Exercise 8. Change your \(\gamma\) to 4 and run your rejection sampler again. What happened to the acceptance rate? How much slower did your sampler get? Is there any way to make this faster?

Exercise X. (BONUS) Can you write a rejection sampler for a coin toss experiment. Assume that the probability of heads of a coin is \(p\). Assume a \(Beta(\alpha=5, \beta=5)\) prior on this probability. For generating your data, use rbinom with a success probability of 0.7, and draw 1000 samples. Use both the conjugate prior and rejection sampling method to estimate the parameters of the Beta distribution that will be the posterior in this case.

9.4 Bayesian point estimates and credible intervals

In the last section, we used sampling from the posterior to understand the distribution and compute statistics such as the mean and variance of the posterior distribution. We will use the results from Exercise 5-7, to compute the point estimates and the credible interval.

9.4.1 Point estimates

Remember that there are three point estimates in a Bayesian inference.

Posterior mean: \(\theta_{mean} = E[\theta|D]\)

Posterior median: \(\theta_{med}; P(\theta < \theta_{med} | D) = 0.5\)

Posterior mode: \(\theta_{mode} = argmax~f(\theta | D)\)

Exercise 9. Using the samples from exercises 5-7, compute the three point estimates for your problem? How well did these three perform? Why are they all the same in our case? (Note: You can compute these for problem 5, above using that you would expect them to be for a Normal distribution given the parameters of the posterior Normal distribution.) What happened to the point estimates when you used a prior of exercise 8.

Exercise X. (BONUS) If you did the last bonus exercise, then compute the point estimates for the coin toss problem.

9.4.2 Credible intervals

Recall that the \((1-\alpha)\) credible interval for a parameter is any interval \((a, b)\) such that \(P(a < \theta < b | D) = 1-\alpha\).

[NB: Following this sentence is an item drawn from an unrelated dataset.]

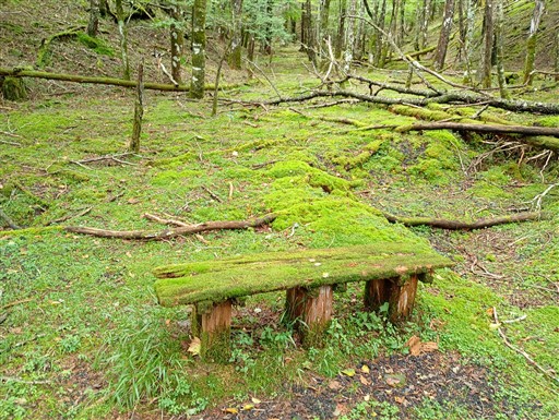 コケに覆われたベンチ。10年以上人が座ってなさそうだ。
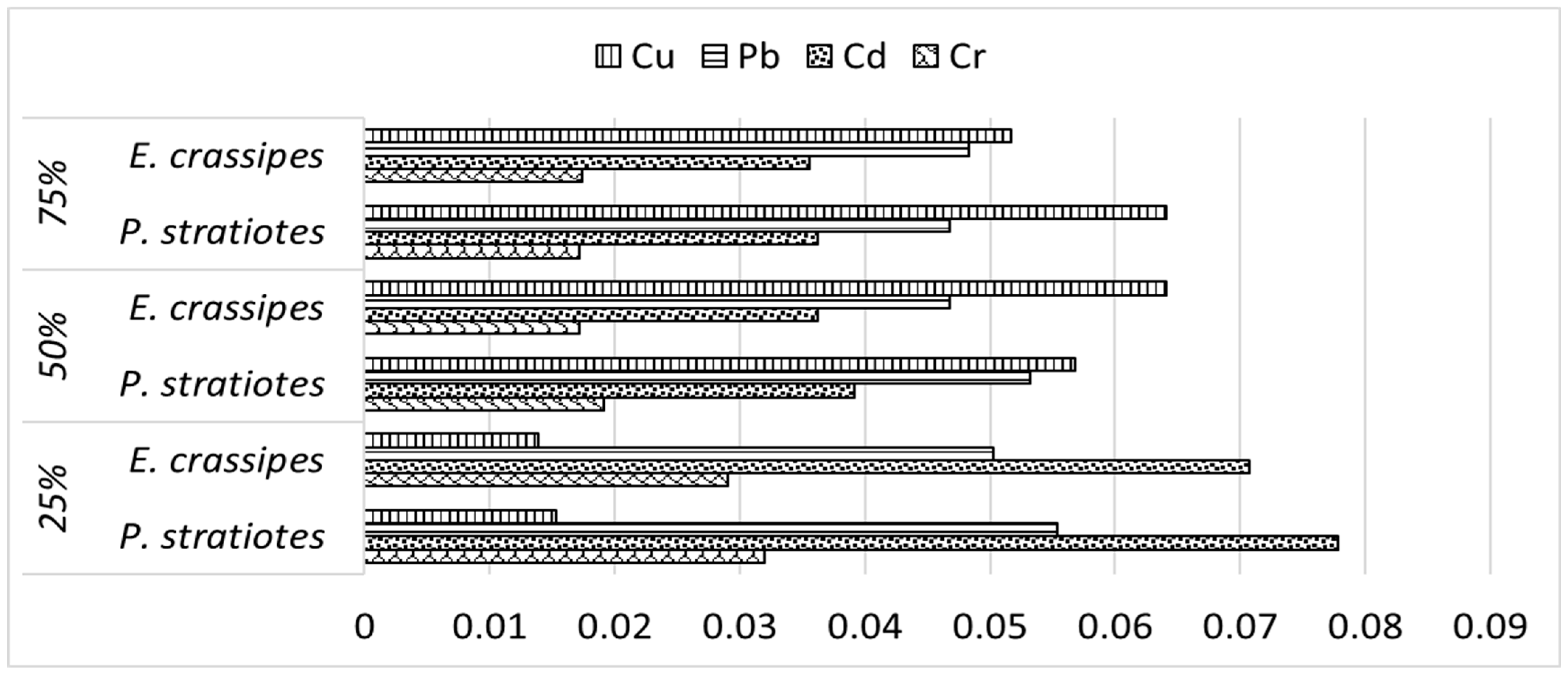 3.2.2. Heavy Metal Conc. in Roots and Shoots of P. stratiotes and E. crassipes and Their Phytoremediation Performance

Exercise 10. Using the samples from exercise 7 and 8, compute the 95% credible interval for our posterior. How many such intervals exist? Can you give a couple of examples of 95% credible intervals? How would you choose one?

Exercise X. (BONUS) If you did this for the beta and binomial setup in the BONUS problems, then compute the 95% credible interval for \(p\). Is the quantile based credible interval the highest posterior density interval?